When I started installation of Hadoop, I looked at it as a mountain. But eventually figured out that with the right instructions all it takes is 5-10 minutes. This blog just tries to show how to install hadoop without much explanation as to the need for each line.
Install Java
Check if you have the latest version of java using the command
$ java -version
At the time of publishing this blog, the latest compatible version was java-7.
If you do not have the latest version installed, then install using the command
$ sudo apt-get install openjdk-7-jdk
Install ssh
$ sudo apt-get install ssh
Configure ssh
$ ssh-keygen -t rsa -P ""
You are prompted
"Enter file in which to save the key(/root/ssh/id_rsa)"
Do not give any name and just press the enter key
$ cat $HOME/.ssh/id_rsa.pub >> $HOME/.ssh/authorized_keys
$ ssh localhost
Download and Extract Hadoop
Download hadoop 2.7.1 binary tarball from http://hadoop.apache.org/releases.html
Extract and save in /usr/local
$ cd /usr/local
$ sudo
tar -xzf hadoop-2.7.1.tar.gz
Update .bashrc
It can be found in ~. If you are unable to list it with ls, use
$ ls -al
$ vi .bashrc
# Set JAVA_HOME - check location in your system
export
JAVA_HOME=/usr/lib/jvm/java-7-openjdk-amd64
# Set Hadoop-related environment variables
export HADOOP_HOME=/usr/local/hadoop-2.7.1
# Add Hadoop bin/ directory to PATH
export PATH=$PATH:$HADOOP_HOME/bin
# Some convenient aliases and functions for
running Hadoop-related commands
unalias fs &> /dev/null
alias fs="hadoop fs"
unalias hls &> /dev/null
alias hls="fs -ls"
# If you have LZO compression enabled in
your Hadoop cluster and
# compress job outputs with LZOP (not
covered in this tutorial):
# Conveniently inspect an LZOP compressed
file from the command
# line; run via:
#
# $ lzohead
/hdfs/path/to/lzop/compressed/file.lzo
#
# Requires installed 'lzop' command.
#
lzohead () {
hadoop fs -cat $1 | lzop -dc | head -1000 |
less
}
Update hadoop-env.sh
The location in my system : /usr/local/hadoop-2.7.1/etc/hadoop/hadoop-env.sh
$ vi /usr/local/hadoop-2.7.1/etc/hadoop/hadoop-env.sh
export
JAVA_HOME=/usr/lib/jvm/java-7-openjdk-amd64
Update core-site.xml
#The location in my system :
/usr/local/hadoop-2.7.1/etc/hadoop
# Copy within <configuration> ...
</configuration>
<property>
<name>hadoop.tmp.dir</name>
<value>/app/hadoop/tmp</value>
<description>A base for other
temporary directories.</description>
</property>
<property>
<name>fs.default.name</name>
<value>hdfs://localhost:54310</value>
<description>The name of the default
file system.

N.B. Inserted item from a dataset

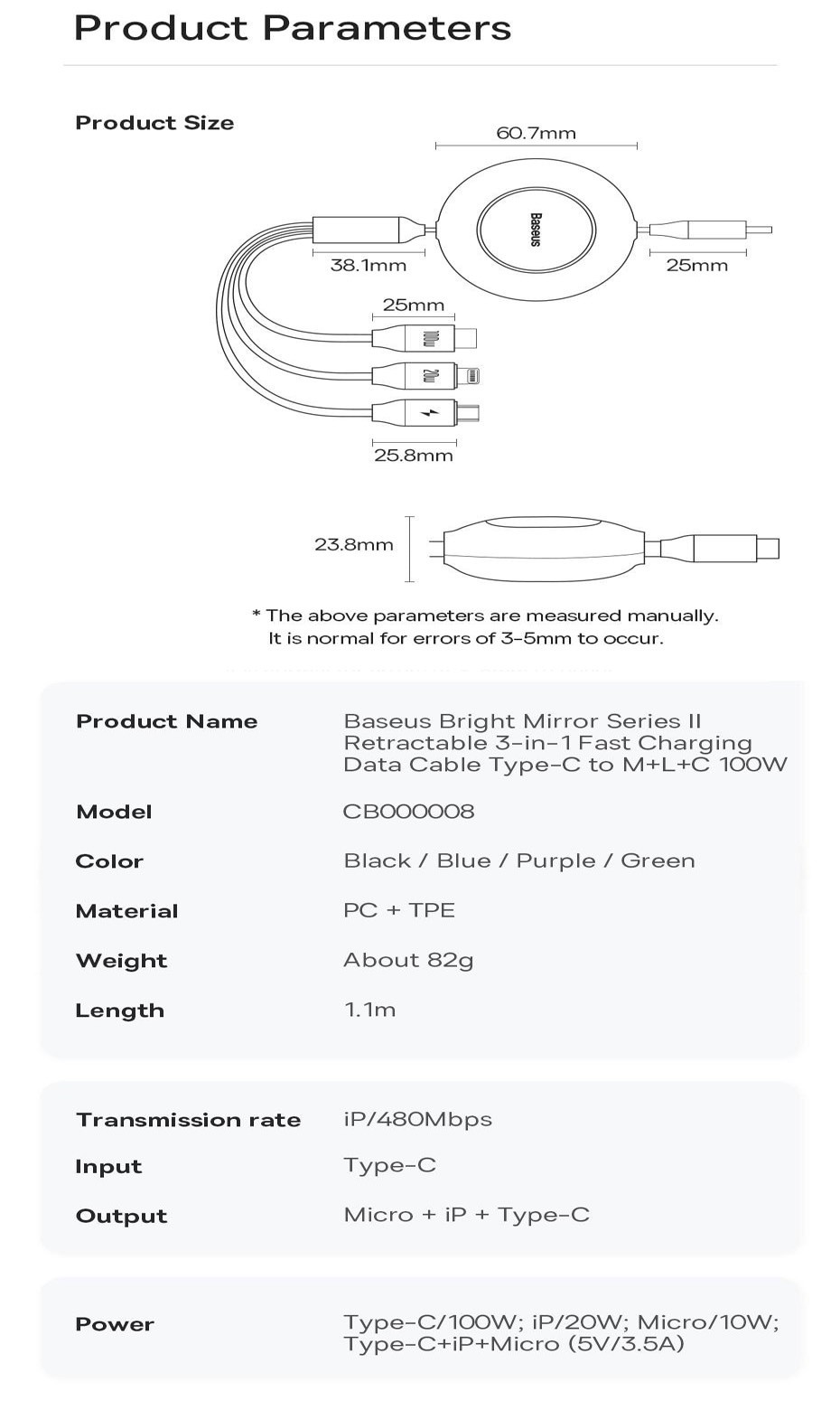 • Cáp được thiết kế rời nhau giúp cho bạn có thể sạc 3 thiết bị cùng lúc

A URI whose scheme and authority determine the
FileSystem implementation. The uri's scheme determines the config property
(fs.SCHEME.impl) naming
the FileSystem implementation class. The uri's
authority is used to determine the host, port, etc. for a
filesystem.
</description>
</property>
Update mapred-site.xml
#The location of mapred-site.xml.template in my system :
/usr/local/hadoop-2.7.1/etc/hadoop
#Rename mapred-site.xml.template to
mapred-site.xml
<property>
<name>mapred.job.tracker</name>
<value>localhost:54311</value>
<description>The host and port that
the MapReduce job tracker runs
at. If "local", then jobs are run
in-process as a single map
and reduce task.
</description>
</property>
Update hdfs-site.xml
#The location in my system :
/usr/local/hadoop-2.7.1/etc/hadoop
<property>
<name>dfs.replication</name>
<value>1</value>
<description>Default block
replication.
The actual number of replications can be
specified when the file is created.
The default is used if replication is not
specified in create time.
</description>
</property>
Formatting the HDFS filesystem via the NameNode
$ /usr/local/hadoop-2.7.1/bin/hdfs namenode
-format
Starting Hadoop
$ /usr/local/hadoop-2.7.1/sbin/start-dfs.sh
$
/usr/local/hadoop-2.7.1/sbin/start-yarn.sh
Check if it is working right
$ jps
# ResourceManager, Jps, SecondaryNameNode,
NodeManager, NameNode, DataNode
# Note that JobTracker and TaskTracker have been replaced with
ResourceManager and NodeManager
To Stop
$ /usr/local/hadoop-2.7.1/sbin/stop-dfs.sh
$ /usr/local/hadoop-2.7.1/sbin/stop-yarn.sh
To Check the Status
Type the following in browser http://localhost:50070/
It should show the namenodes, live nodes
should be 1
Also, jps will not display DataNode
If jps doesnot display DataNode
$ /usr/local/hadoop-2.7.1/sbin/stop-dfs.sh
$ /usr/local/hadoop-2.7.1/sbin/stop-yarn.sh
$ rm -Rf
/app/hadoop/tmp/*
$ /usr/local/hadoop-2.7.1/bin/hdfs namenode
-format
$ /usr/local/hadoop-2.7.1/sbin/start-dfs.sh
$
/usr/local/hadoop-2.7.1/sbin/start-yarn.sh